Sean Jessie, who previously served as the team’s offensive coordinator and quarterbacks coach, will take the reins for the Eagles this season. Jessie also teaches physical education at JMS.
He replaces Rodney Ellison, who accepted a position as offensive coordinator at Knoxville’s West High School after three seasons as Jefferson’s head coach.
The Eagles have struggled over the past two seasons, fielding teams largely composed of underclassmen. In 2024, Jefferson posted just one win, as most of its roster consisted of seventh-graders.

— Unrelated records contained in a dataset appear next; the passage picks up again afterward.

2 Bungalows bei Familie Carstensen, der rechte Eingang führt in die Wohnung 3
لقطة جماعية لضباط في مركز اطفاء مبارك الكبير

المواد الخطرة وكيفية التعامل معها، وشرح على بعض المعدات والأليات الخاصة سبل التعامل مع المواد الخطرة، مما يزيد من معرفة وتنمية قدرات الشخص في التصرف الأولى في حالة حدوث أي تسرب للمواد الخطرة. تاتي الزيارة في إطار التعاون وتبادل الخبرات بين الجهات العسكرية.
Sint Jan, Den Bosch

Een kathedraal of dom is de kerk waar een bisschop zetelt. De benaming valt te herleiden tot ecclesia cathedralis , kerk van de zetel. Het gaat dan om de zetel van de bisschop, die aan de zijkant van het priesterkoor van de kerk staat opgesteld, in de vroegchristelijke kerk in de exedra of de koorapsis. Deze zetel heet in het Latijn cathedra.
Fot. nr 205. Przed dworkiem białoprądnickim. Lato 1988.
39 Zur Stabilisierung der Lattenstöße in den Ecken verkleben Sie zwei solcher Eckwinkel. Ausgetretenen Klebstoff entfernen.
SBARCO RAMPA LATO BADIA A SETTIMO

“It’s an eighth-grade league, and when you have 13-year-olds competing against some 15-year-olds, it’s tough,” Jessie said. “We were pretty competitive last year, and hopefully, we’ll be on the other side of some of those close games this year.
“I’m excited and grateful to have this opportunity.”

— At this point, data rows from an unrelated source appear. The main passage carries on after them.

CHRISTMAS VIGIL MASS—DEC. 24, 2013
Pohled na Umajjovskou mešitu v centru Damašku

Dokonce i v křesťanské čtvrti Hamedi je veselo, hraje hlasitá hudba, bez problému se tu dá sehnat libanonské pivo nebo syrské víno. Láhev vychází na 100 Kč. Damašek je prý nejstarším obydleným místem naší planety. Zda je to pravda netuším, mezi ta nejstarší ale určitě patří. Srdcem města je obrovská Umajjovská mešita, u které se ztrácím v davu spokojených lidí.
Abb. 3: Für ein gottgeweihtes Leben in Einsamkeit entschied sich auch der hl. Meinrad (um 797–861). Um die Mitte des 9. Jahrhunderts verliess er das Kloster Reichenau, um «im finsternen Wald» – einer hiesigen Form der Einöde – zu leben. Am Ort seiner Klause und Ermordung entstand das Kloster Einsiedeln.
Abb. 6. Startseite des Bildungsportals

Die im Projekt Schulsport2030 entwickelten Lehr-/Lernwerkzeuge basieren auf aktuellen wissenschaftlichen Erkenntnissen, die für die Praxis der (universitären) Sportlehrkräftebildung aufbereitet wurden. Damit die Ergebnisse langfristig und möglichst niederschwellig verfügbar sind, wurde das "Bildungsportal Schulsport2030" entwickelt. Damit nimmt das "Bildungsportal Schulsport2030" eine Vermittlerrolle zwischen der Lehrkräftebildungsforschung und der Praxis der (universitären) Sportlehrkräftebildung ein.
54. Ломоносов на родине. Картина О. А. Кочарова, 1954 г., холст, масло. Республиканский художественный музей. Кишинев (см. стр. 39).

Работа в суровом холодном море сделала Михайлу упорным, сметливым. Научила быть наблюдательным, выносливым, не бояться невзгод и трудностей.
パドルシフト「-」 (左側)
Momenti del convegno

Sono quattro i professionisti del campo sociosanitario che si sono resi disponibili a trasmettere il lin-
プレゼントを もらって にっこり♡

Jessie, 47, is no stranger to scholastic football in Anderson County. He was the offensive coordinator at Anderson County High School from 2016 to 2021 before stepping away from the high school.
“I left Anderson County right before they won the state championship,” he said. “It was just the grind.”
It was Ellison who talked Jessie — who also served a stint as offensive coordinator at Clinton High School —out of his brief retirement from coaching.
“Rodney and I have been really good friends for more than 20 years,” Jessie recalled Monday afternoon. “He asked me if I wanted to come to Jefferson and coach football, and I said, ‘No, I’m done.’
“He said there was a PE job opening here, and I told him that if I got that job, we could talk about it.”
The two friends, who began their coaching careers together at Jacksboro Middle School in Campbell County, did just that.
“It all just worked out,” Jessie said. “I found a home coaching in middle school. It’s funny. When Rodney and I began coaching at Jacksboro in 2000, he was the head coach and I replaced him there, too.
“The intensity in middle school is different than it is in high school. It’s important to them, but in middle school, you’re teaching kids how to play. It’s about the basics and fundamentals.”
High school football, he noted, is a different beast.
“In high school, it’s all about the big game on Friday night,” Jessie said. “It’s about getting from one Friday night to the next.
“In middle school, we try to treat our players like they’re high school players and prepare them to succeed at the next level.”